Irving was a painter of no mean degree with regard to his “make-up” of parts. He spared no pains on the work, and on nights when he played parts requiring careful preparations, such as Charles I., Shylock, Louis XI., Gregory Brewster (in Waterloo), King Lear, Richelieu and some few others he always came to his dressing-room nearly an hour earlier than at other times. It has often amazed me to see the physiognomy of Shylock gradually emerge from the actor’s own generous countenance. Though I have seen it done a hundred times I could never really understand how the lips thickened, with the red of the lower lip curling out and over after the manner of the typical Hebraic countenance; how the bridge of the nose under his painting—for he used no physical building up—rose into the Jewish aquiline; and, most wonderful of all, how the eyes became veiled and glassy with introspection—eyes which at times could and did flash lurid fire.

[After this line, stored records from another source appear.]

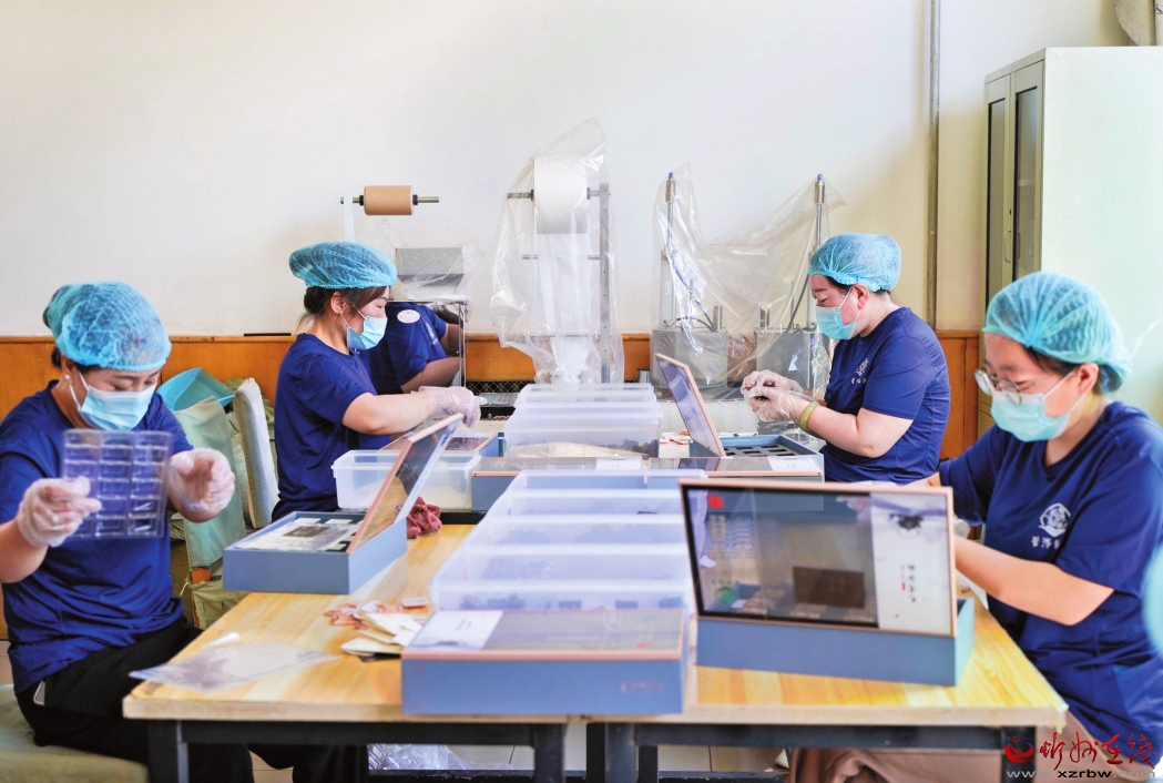 走進(jìn)山西一品緣茶葉有限責(zé)任公司制茶車間,一盤盤正在晾曬的毛建草,散發(fā)出陣陣香氣。它們?cè)谶@里,經(jīng)采用傳統(tǒng)手工工藝與現(xiàn)代工藝技術(shù),通過(guò)清洗、蒸煮、揉捻、發(fā)酵、炒制、烘干、篩分、色選補(bǔ)火、壓制、包裝等工序,搖身一變成為品相精美、口感鮮醇的毛建茶。
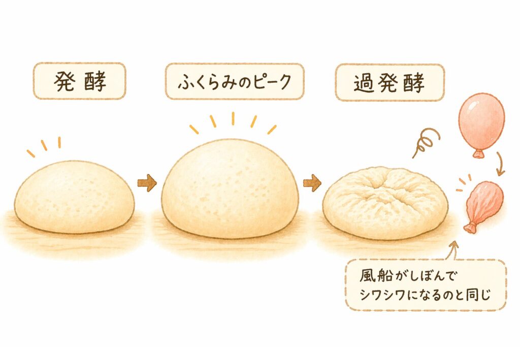発酵させすぎたことを「過発酵」というよ。
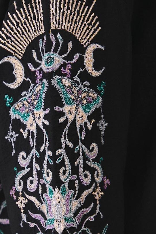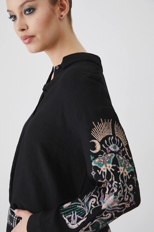 Рубашка из коллекции «Медицина». Изготовлена из ткани с декоративной вышивкой. С воротником. - Обычная посадка. - Длинный рукав. - Заниженная линия плеча. - Манжеты на пуговицах. - Модель с воротником. - Застежка на пуговицы. - Модель с декоративной вышивкой. - Узор с растительными и животными мотивами. - Более длинная спина. - Длина рукава (от воротника): 71 см. - Длина спереди: 69 см. - Длина спинки: 71 см. - Ширина груди: 54 см. - Размеры указаны для размера: S.
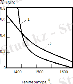 3 сурет - Тұтқырлықтың температураға тәуелділігі:1- негіздік шлактар 2-қышқылдық шлактар.

But there is for an outsider no understanding what strange effects stage make-up can produce. When my son, who is Irving’s godson, then about seven years old, came to see Faust I brought him round between the acts to see Mephistopheles in his dressing-room. The little chap was exceedingly pretty—like a cupid, and a quaint fancy struck the actor. Telling the boy to stand still for a moment he took his dark pencil and with a few rapid touches made him up after the manner of Mephistopheles; the same high-arched eyebrows; the same sneer at the corners of the mouth; the same pointed moustache. I think it was the strangest and prettiest transformation I ever saw. And I think the child thought so too, for he was simply entranced with delight.

Irving loved children, and I think he was as enchanted over the incident as was the child himself.